# Instructions for the task:
In the entries that follow, the lines from the line containing "Wywrócił się wózek" up to and including the line containing "苗立数が、60〜80本/平方" must be copied exactly, with pictures omitted.

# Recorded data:
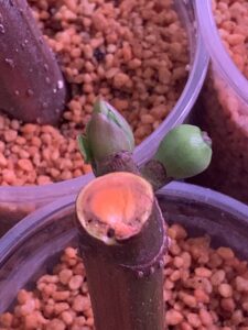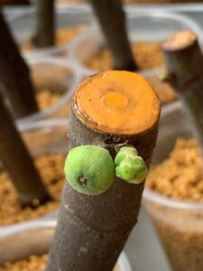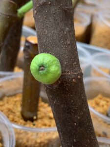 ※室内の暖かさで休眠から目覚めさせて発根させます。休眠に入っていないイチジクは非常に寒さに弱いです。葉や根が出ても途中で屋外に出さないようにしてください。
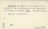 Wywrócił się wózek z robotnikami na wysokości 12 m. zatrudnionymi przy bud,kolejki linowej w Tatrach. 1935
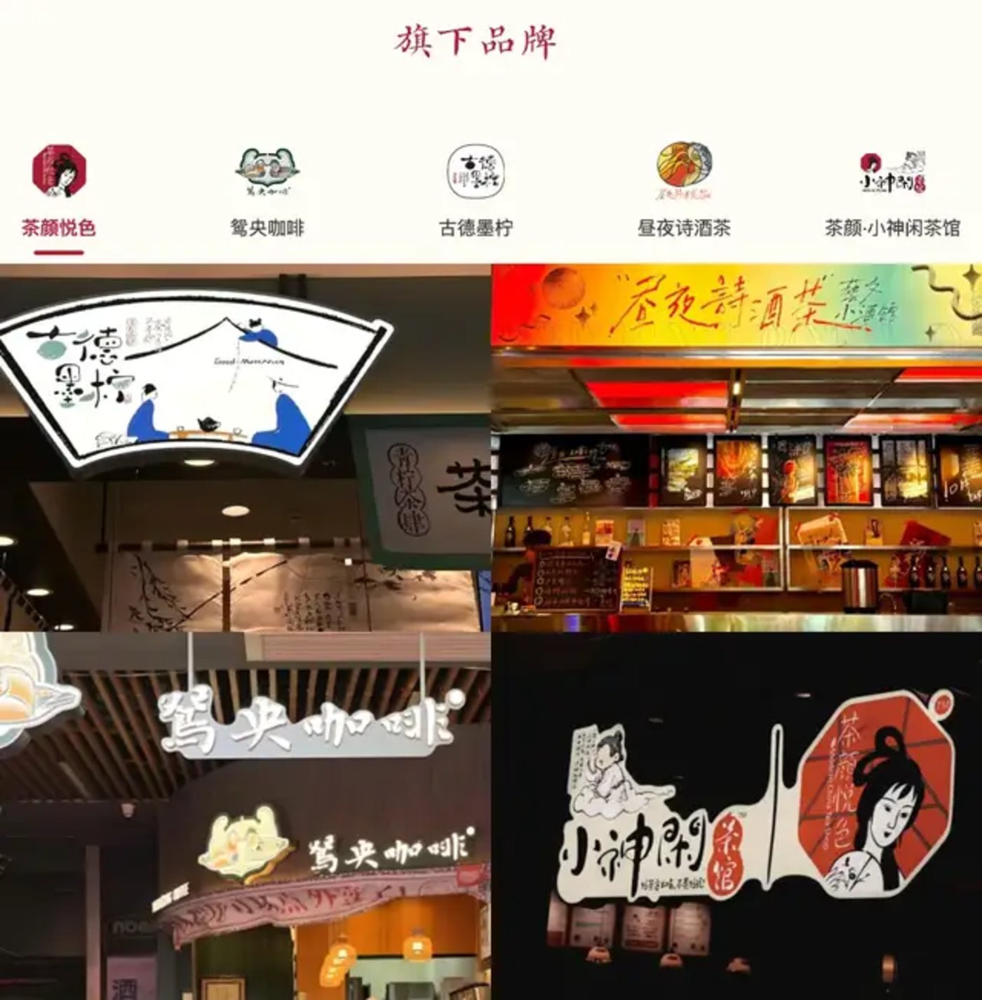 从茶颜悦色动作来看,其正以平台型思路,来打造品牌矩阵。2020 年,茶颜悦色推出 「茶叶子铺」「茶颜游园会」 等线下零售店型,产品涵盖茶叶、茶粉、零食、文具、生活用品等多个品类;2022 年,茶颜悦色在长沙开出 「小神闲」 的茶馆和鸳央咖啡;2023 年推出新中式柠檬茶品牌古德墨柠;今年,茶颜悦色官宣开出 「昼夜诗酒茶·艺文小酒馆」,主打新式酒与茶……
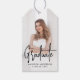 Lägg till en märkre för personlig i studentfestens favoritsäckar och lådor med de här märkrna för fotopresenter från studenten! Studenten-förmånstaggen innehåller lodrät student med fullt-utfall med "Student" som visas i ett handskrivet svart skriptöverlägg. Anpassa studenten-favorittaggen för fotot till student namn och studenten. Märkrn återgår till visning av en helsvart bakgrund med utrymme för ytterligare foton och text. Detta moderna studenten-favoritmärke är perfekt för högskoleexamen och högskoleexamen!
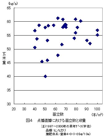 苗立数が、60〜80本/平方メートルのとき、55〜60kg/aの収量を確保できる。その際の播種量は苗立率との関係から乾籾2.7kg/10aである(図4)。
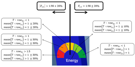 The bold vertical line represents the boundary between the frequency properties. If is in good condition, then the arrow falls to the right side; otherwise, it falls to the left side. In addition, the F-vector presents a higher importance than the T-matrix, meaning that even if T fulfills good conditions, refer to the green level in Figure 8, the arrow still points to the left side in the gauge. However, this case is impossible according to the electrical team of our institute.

# Result of this task:
 Wywrócił się wózek z robotnikami na wysokości 12 m. zatrudnionymi przy bud,kolejki linowej w Tatrach. 1935
 从茶颜悦色动作来看,其正以平台型思路,来打造品牌矩阵。2020 年,茶颜悦色推出 「茶叶子铺」「茶颜游园会」 等线下零售店型,产品涵盖茶叶、茶粉、零食、文具、生活用品等多个品类;2022 年,茶颜悦色在长沙开出 「小神闲」 的茶馆和鸳央咖啡;2023 年推出新中式柠檬茶品牌古德墨柠;今年,茶颜悦色官宣开出 「昼夜诗酒茶·艺文小酒馆」,主打新式酒与茶……
 Lägg till en märkre för personlig i studentfestens favoritsäckar och lådor med de här märkrna för fotopresenter från studenten! Studenten-förmånstaggen innehåller lodrät student med fullt-utfall med "Student" som visas i ett handskrivet svart skriptöverlägg. Anpassa studenten-favorittaggen för fotot till student namn och studenten. Märkrn återgår till visning av en helsvart bakgrund med utrymme för ytterligare foton och text. Detta moderna studenten-favoritmärke är perfekt för högskoleexamen och högskoleexamen!
 苗立数が、60〜80本/平方メートルのとき、55〜60kg/aの収量を確保できる。その際の播種量は苗立率との関係から乾籾2.7kg/10aである(図4)。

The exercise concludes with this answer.